» **PROBLEM TO SOLVE**: Everything below from the line with "An exquisite zitanwood" through the line with "To kamébrocher/vedhæng af" must be retyped exactly, except the pictures.

» **INFORMATION PROVIDED**:
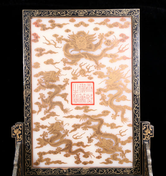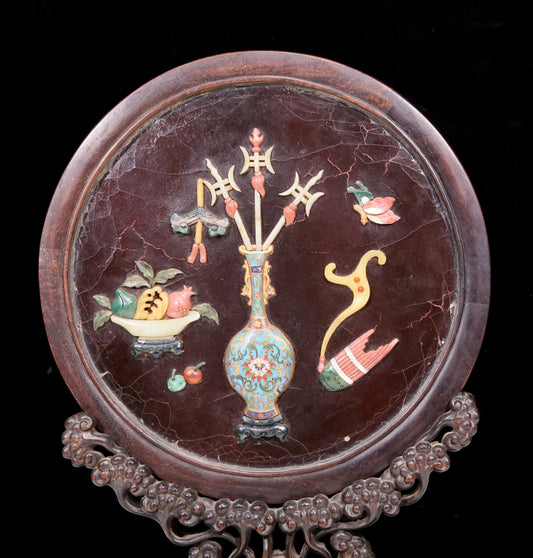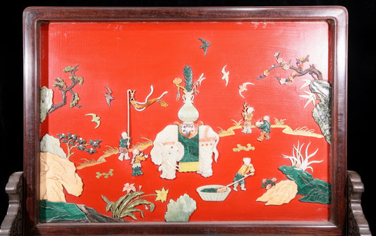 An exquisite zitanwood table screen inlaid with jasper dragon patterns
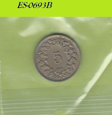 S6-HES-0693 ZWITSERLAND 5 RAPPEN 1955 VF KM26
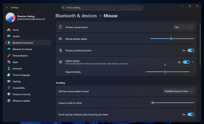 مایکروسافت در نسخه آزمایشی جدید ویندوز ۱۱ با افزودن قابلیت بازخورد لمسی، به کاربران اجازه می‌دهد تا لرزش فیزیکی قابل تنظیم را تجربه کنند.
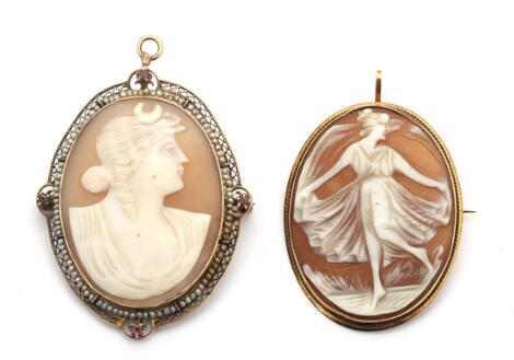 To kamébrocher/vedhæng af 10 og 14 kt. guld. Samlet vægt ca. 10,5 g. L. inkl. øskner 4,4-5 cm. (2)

--

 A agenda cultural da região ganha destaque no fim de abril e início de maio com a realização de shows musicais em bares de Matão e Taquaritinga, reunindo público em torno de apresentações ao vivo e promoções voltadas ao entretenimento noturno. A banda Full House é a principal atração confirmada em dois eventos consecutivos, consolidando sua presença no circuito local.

» **ANSWER SECTION**:
 An exquisite zitanwood table screen inlaid with jasper dragon patterns
 S6-HES-0693 ZWITSERLAND 5 RAPPEN 1955 VF KM26
 مایکروسافت در نسخه آزمایشی جدید ویندوز ۱۱ با افزودن قابلیت بازخورد لمسی، به کاربران اجازه می‌دهد تا لرزش فیزیکی قابل تنظیم را تجربه کنند.
 To kamébrocher/vedhæng af 10 og 14 kt. guld. Samlet vægt ca. 10,5 g. L. inkl. øskner 4,4-5 cm. (2)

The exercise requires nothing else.